▶ [BRIEF]: Set down, unchanged, the line holding "These collectible phone" and all lines that follow it to the end of the material, leaving pictures out.

▶ [SUPPLIED INFORMATION]:
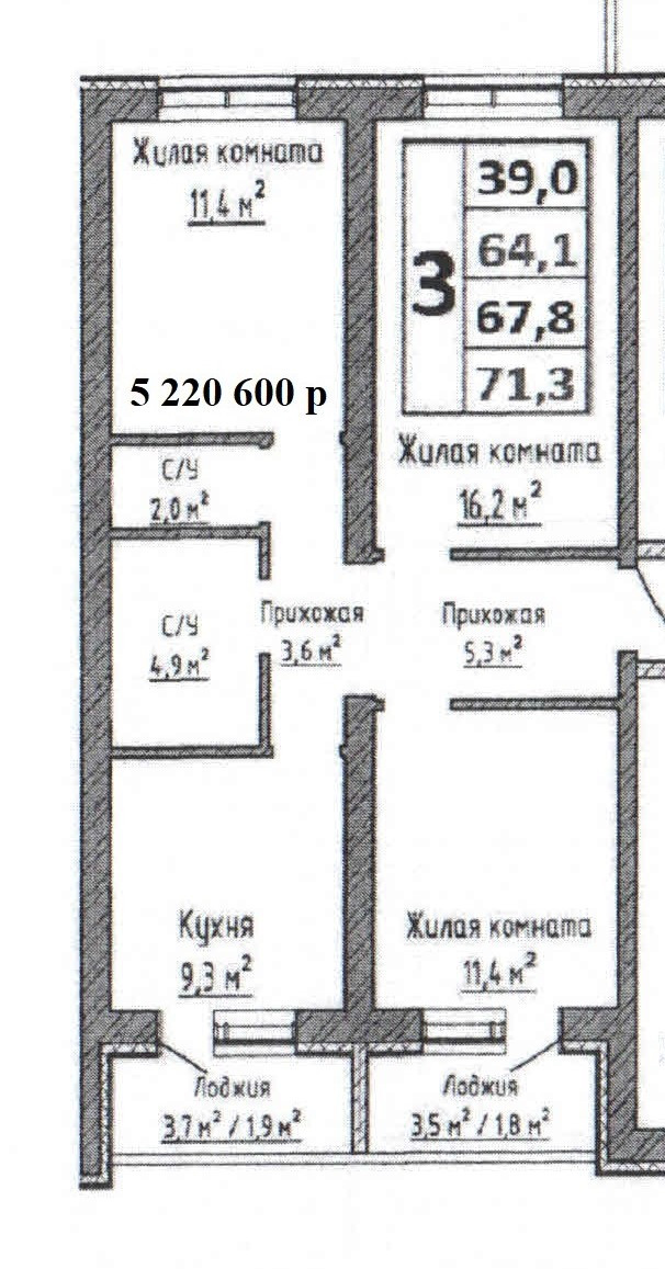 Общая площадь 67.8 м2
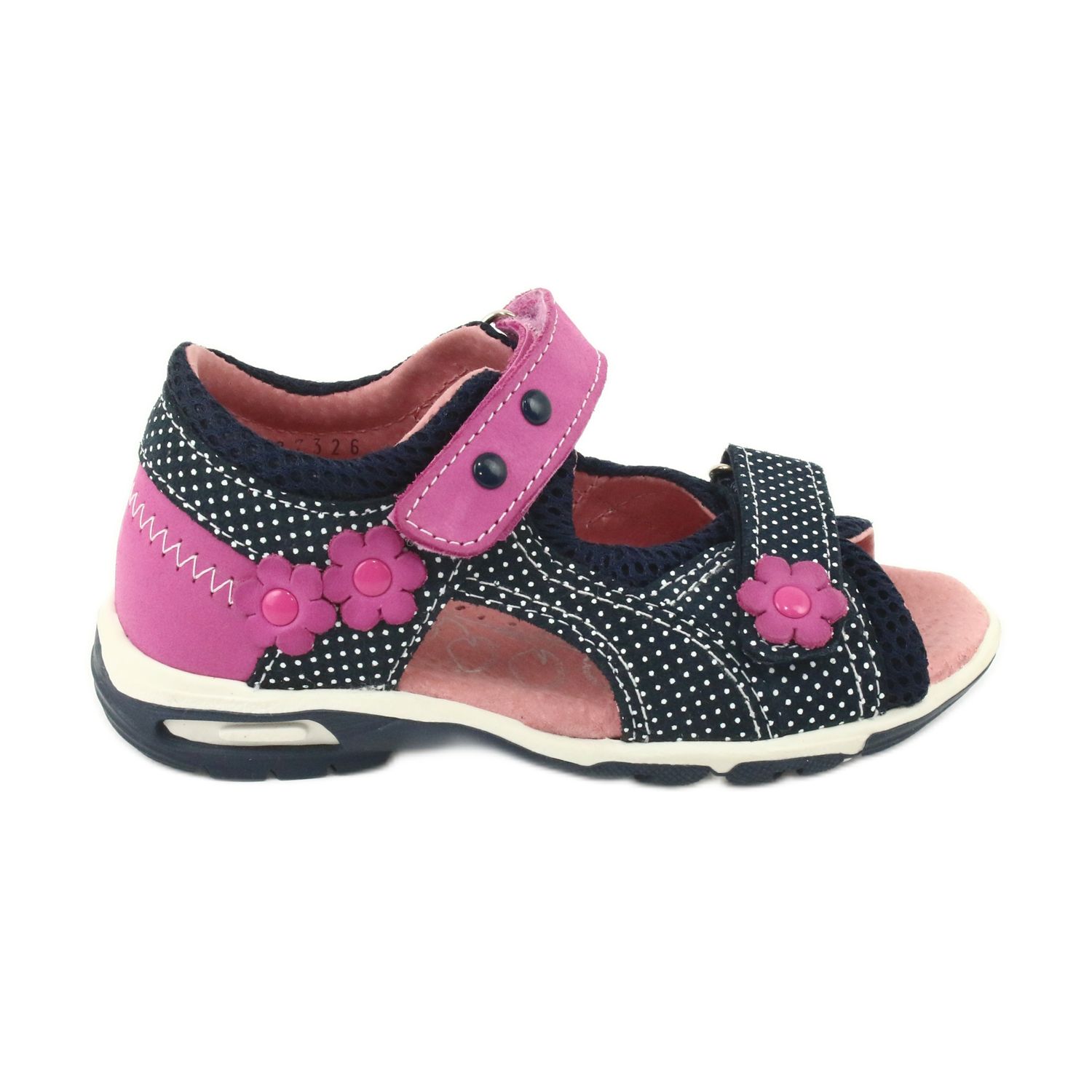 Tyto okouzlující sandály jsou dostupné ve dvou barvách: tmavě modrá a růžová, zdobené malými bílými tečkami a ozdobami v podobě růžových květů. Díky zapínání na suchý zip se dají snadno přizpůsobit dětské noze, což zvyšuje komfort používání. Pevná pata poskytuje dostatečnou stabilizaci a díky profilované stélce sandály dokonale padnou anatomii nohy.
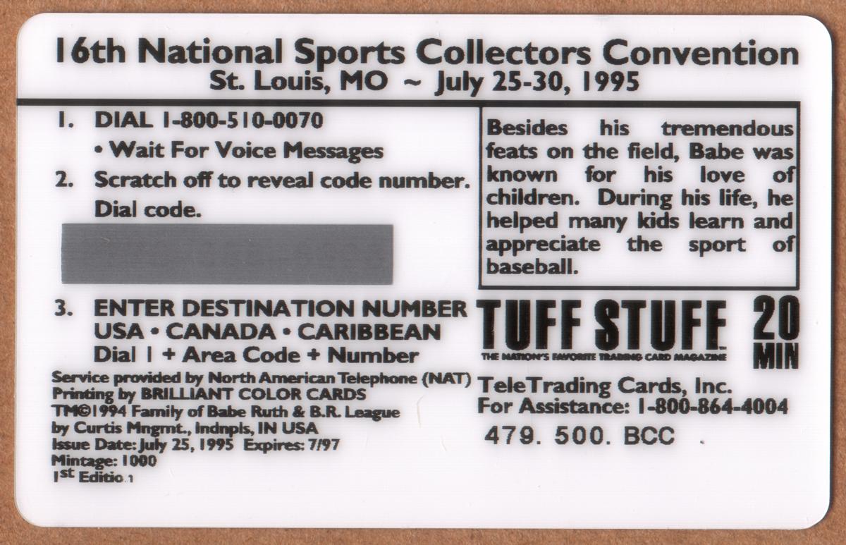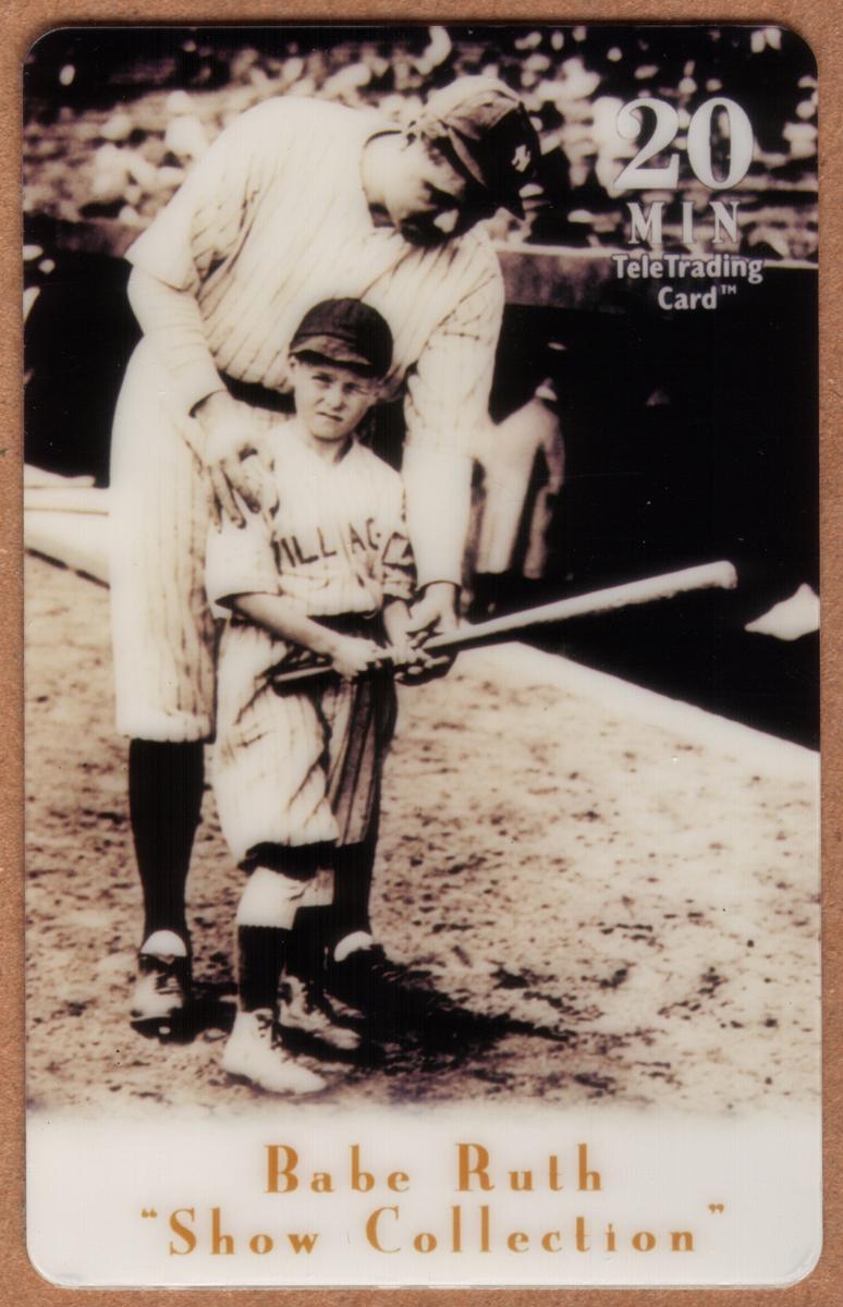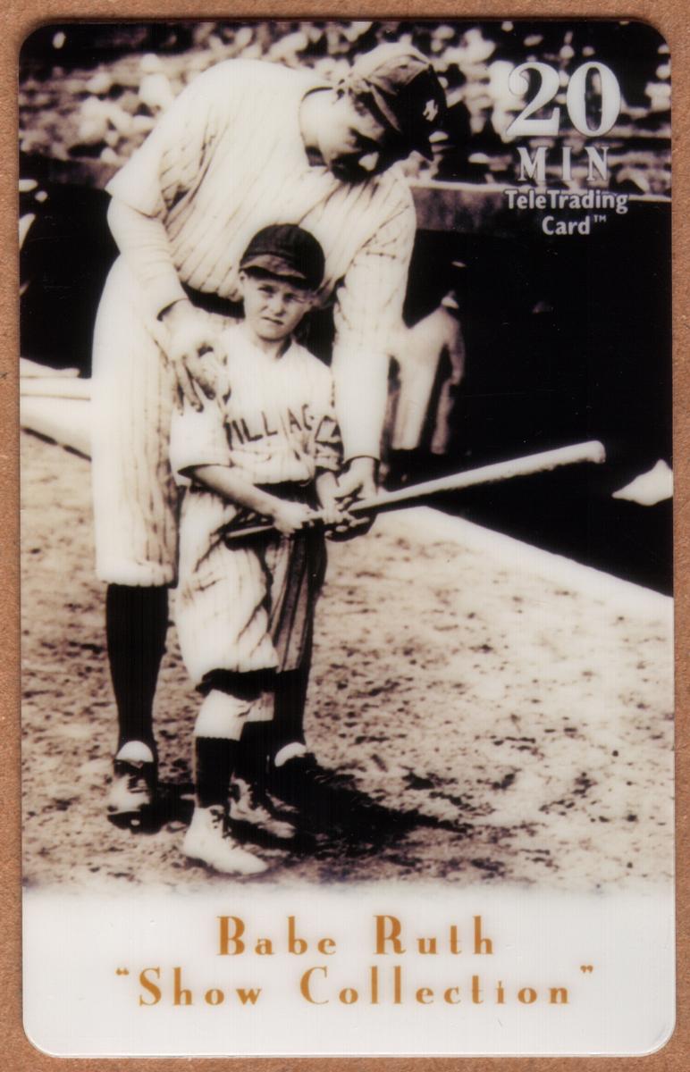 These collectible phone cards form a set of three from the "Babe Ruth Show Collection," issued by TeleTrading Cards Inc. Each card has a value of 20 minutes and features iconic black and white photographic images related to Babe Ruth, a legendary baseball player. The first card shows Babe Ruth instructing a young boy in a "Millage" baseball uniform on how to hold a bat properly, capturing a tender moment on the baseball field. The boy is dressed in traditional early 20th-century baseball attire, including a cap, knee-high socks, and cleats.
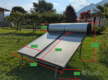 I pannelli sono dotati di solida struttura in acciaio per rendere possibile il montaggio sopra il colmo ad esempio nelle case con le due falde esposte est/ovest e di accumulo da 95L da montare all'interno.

▶ [ANSWER TO THIS PROBLEM]:
 These collectible phone cards form a set of three from the "Babe Ruth Show Collection," issued by TeleTrading Cards Inc. Each card has a value of 20 minutes and features iconic black and white photographic images related to Babe Ruth, a legendary baseball player. The first card shows Babe Ruth instructing a young boy in a "Millage" baseball uniform on how to hold a bat properly, capturing a tender moment on the baseball field. The boy is dressed in traditional early 20th-century baseball attire, including a cap, knee-high socks, and cleats.
 I pannelli sono dotati di solida struttura in acciaio per rendere possibile il montaggio sopra il colmo ad esempio nelle case con le due falde esposte est/ovest e di accumulo da 95L da montare all'interno.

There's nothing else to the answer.